Thursday, April 15, 2010

Party Shirts, but yet the Red Scarf – Songkran 2010

Earth have made yet another relentless full circle around the sun. It’s the hottest month now. It’s the festivities period yet again. Imprinted into the expat’s mind, wild fun, wet t-shirts and oh yeah I could see them pairs so full and round. That’s how Songkran had always been remembered and the stories we share with our home folks long after many leave the country years later. But Songkran these late years have been different. It has been infused and associated with red violence.

The trucks loads of fun seekers, all ages, still roamed the streets in pursuit of exchanging bucketful of splashes with street parties. The dek skois with their blaring motorcycles in swarms rode out the wet tarmacs. Fun and all but in there behind the smiles…. red spots. Who was who, what was what, sides of which what where we will not know. They were all in there. Anything could be a catalyst to the trigger of not only the normal teenage brawls, but also the taking on of colored sides. It ain’t no fun as before do you know? Some Thais were sad this period.
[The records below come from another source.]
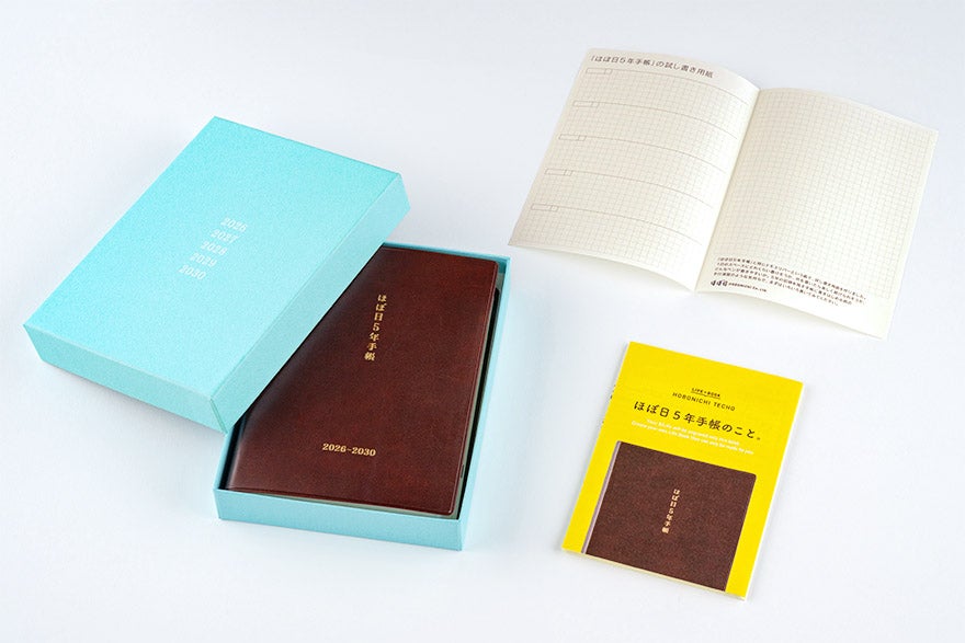 The Hobonichi 5-Year Techo will be delivered in a turquoise blue paper box. The box will contain a user manual and a test sheet of paper for you to get a feel for the paper and test pen or ink compatibility.
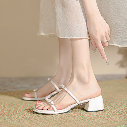仙女风绝美粗跟一字凉鞋女2025新款夏法式蝴蝶结拖鞋女外穿凉拖鞋
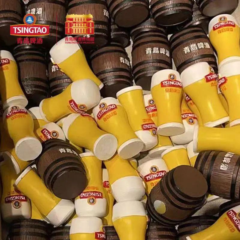 城市浮雕杯将青岛城市风景线刻画在杯身上,非常精致;各种啤酒创意冰箱贴,小巧可爱;还有啤酒花系列精油皂、海藻面膜等,青岛啤酒博物馆里超多文创产品可以挑选。
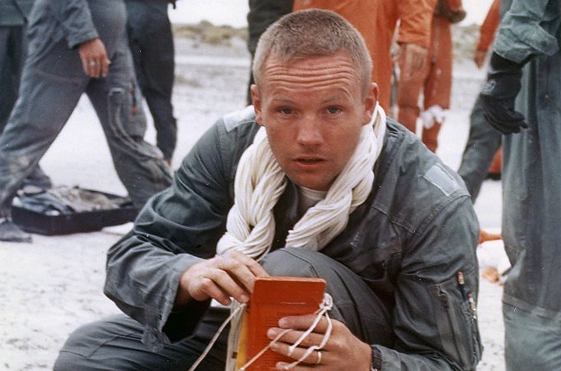 Before ever flying in space, astronauts had to go through basic training. Here Neil Armstrong is seen working with parachute lines.
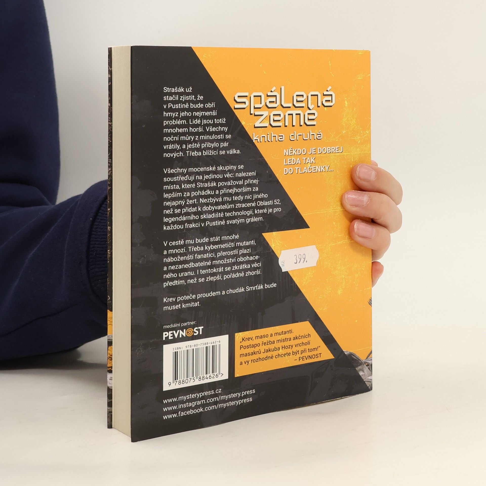 NĚKDO JE DOBREJ LEDA TAK DO TLAČENKY…Strašák už stačil zjistit, že v Pustině bude obří hmyz jeho nejmenší problém. Lidé jsou totiž mnohem horší. Všechny noční můry z minulosti se vrátily, a ještě přibylo pár nových. Třeba blížící se válka.Všechny mocenské skupiny se soustřeďují na jedinou věc: nalezení místa, které Strašák považoval přinejlepším za pohádku a přinejhorším za nejapný žert. Nezbývá mu tedy nic jiného než se přidat k dobyvatelům ztracené Oblasti 52, legendárního skladiště technologií, které je pro každou frakci v Pustině svatým grálem.V cestě mu bude stát mnohé a mnozí. Třeba kybernetičtí mutanti, náboženští fanatici, přerostlí plazi a nezanedbatelné množství obohaceného uranu. I tentokrát se zkrátka věci předtím, než se zlepší, pořádně zhorší.Krev poteče proudem a chudák Smrťák bude muset kmitat.____„Krev, maso a mutanti. Postapo řežba mistra akčních masakrů Jakuba Hozy vrcholí a vy rozhodně chcete být při tom!“ – PEVNOST
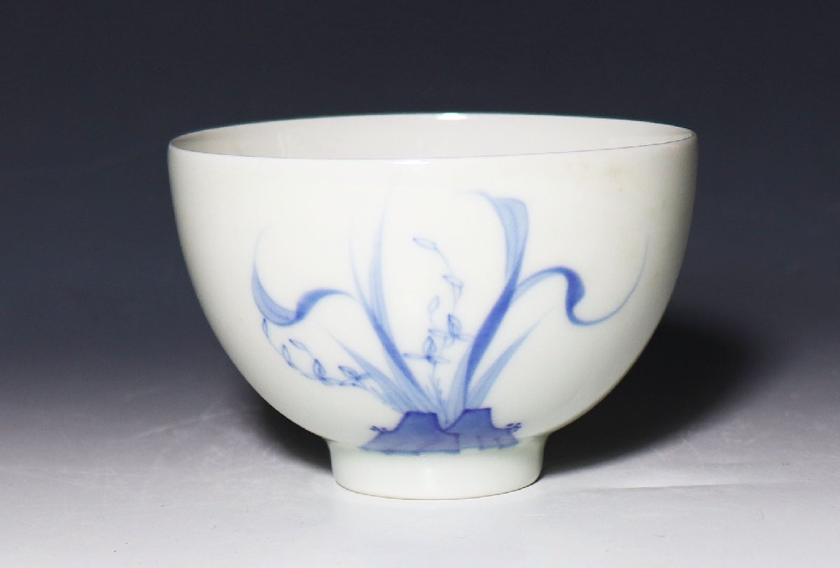 - 【桃】酒器ぐい呑み:後期鍋島染付蘭の図猪口
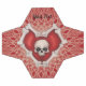 Dieser Fußball ist rot mit abstrakten, weißen Linien in einem miteinander verflochtenen Muster, mit einem roten Lese aus weißen Knochen mit einem Schädel in der Mitte des Herzens. Passen Sie Ihren Text mit der Vorlage an.
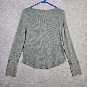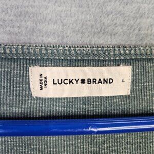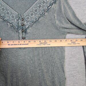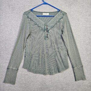 Lucky Brand Embroidered Mesh Yoke Henley Balsam Green Top Size L

In our discrete chats over coffee, drinks or clubbing, they share their views. They wanted the protest to end, but hey, it’s not their say. Some were saddened so much when watching the news reports, tears rolled down. Thais had always been a very united happy bunch and in nature, they loved each other. Here long enough, I had seen them exhibit their friendliness towards each other and avoided violence in the most surprising of ways. A joke, a smile, a compromise or an exchange of drinks over uneasy situations. And all became as one, Thais, and they partied hard together. But not theses years. Tears rolled down, they asked themselves, why they are killing each other. I brought up my glass of beer, and we drank and chatted into the night as the lead singer on stage sang her best.